On 04/12, Oleg Nesterov wrote:
>
> +	hlist_for_each_entry(twork, pos, &task->task_works, hlist) {

This reminds me.

hlist_for_each_entry_*() do not need "pos", it can be

	#define hlist_for_each_entry(pos, head, member)					\
		for (pos = (void*)(head)->first;					\
		pos && ({ pos = hlist_entry((void*)pos, typeof(*pos), member); 1; });	\
		pos = (void*)(pos)->member.next)

The only problem, is there any possibility to change the callers
somehow??? I even wrote the script which converts them all, but the
patch is huge.

Please see the old (2008-04-21) message I sent to lkml below, today
the diffstat is even "worse":

	152 files changed, 611 insertions(+), 906 deletions(-)
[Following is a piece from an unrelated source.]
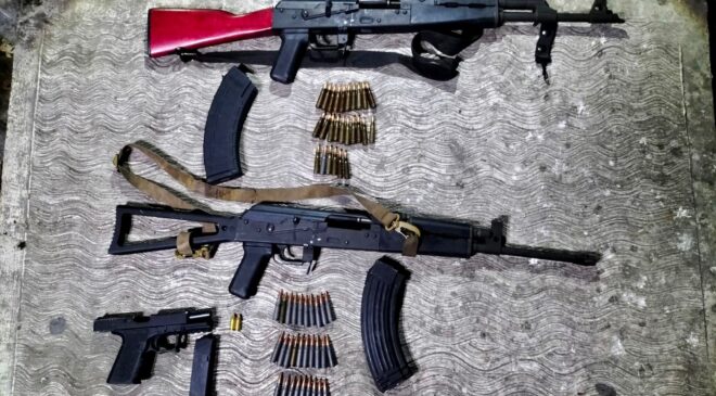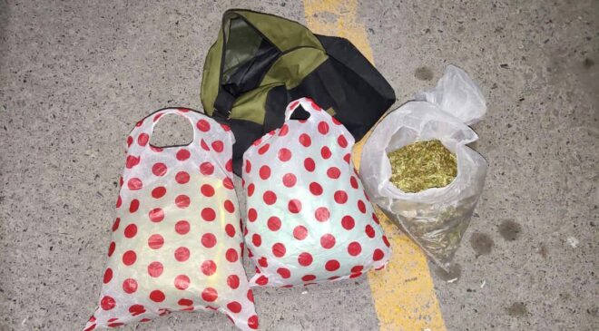Al realizarles una revisión se les encontraron dos armas largas AK-47, un arma corta marca Glock, 40 dosis de hierba verde y seca con las características de la marihuana, así como una caja de cartón con cinta canela que contenía marihuana en greña, cuatro bolsas con la misma hierba, una báscula digital y dinero en efectivo.
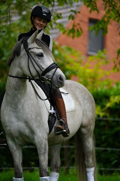 Ogłoszenie sprzedażowe: WYMARZONA kucykowa klacz Urocza klacz, pieszczotliwie nazywana „Keks“, jest dostępna na sprzedaż. Już odnosiła sukcesy na turniejach w klasie A w ujeżdżeniu, a także była klasyfikowana w skokach przez przeszkody w tej samej kategorii. Zna więc atmosferę zawodów i jest zawsze bardzo spokojna w obcych otoczeniach (brała między innymi udział w konkursie z prowadzeniem na smoczku z pięcioletnim dzieckiem i poradziła sobie świetnie). Z wysokością w kłębie 147 cm i bardzo dobrze zbudowaną sylwetką, ta urocza kucykowa klacz doskonale sprawdzi się również dla dorosłych jeźdźców! Jest absolutnie łagodna, zarówno na placu, w hali, jak i w terenie, niezależnie od pogody – zawsze daje z siebie wszystko i sprawia, że jazda jest prawdziwą przyjemnością. Keks pochodzi z 2017 roku i ma znakomite pochodzenie (Dressman IV x Danny Gold). Ma serce z złota i zawsze stara się zrobić wszystko dla jeźdźca. Z nią można robić różne szaleństwa, na przykład galopować bez siodła i na uzdę na polu, czy inne zabawy, a ona zawsze reaguje bardzo łagodnie. To po prostu klacz z serca na właściwym miejscu. Jeśli jesteś zainteresowany lub chcesz uzyskać więcej informacji, zapraszamy do kontaktu!

and the patch size is 242k.

No? we can't?

-------------------------------------------------------------------------------
[PATCH 0.01/1] hlist_for_each_entry_xxx: kill the "pos" argument

(The actual patch is huge, 116K, I'll send it offline. This email contains
 the chunk for list.h only).

COMPILE TESTED ONLY (make allyesconfig).

All hlist_for_each_entry_xxx() macros require the "pos" argument, which is not
actually needed and can be removed. See the changes in include/linux/list.h
(note that hlist_for_each_entry_safe() now does prefetch() too).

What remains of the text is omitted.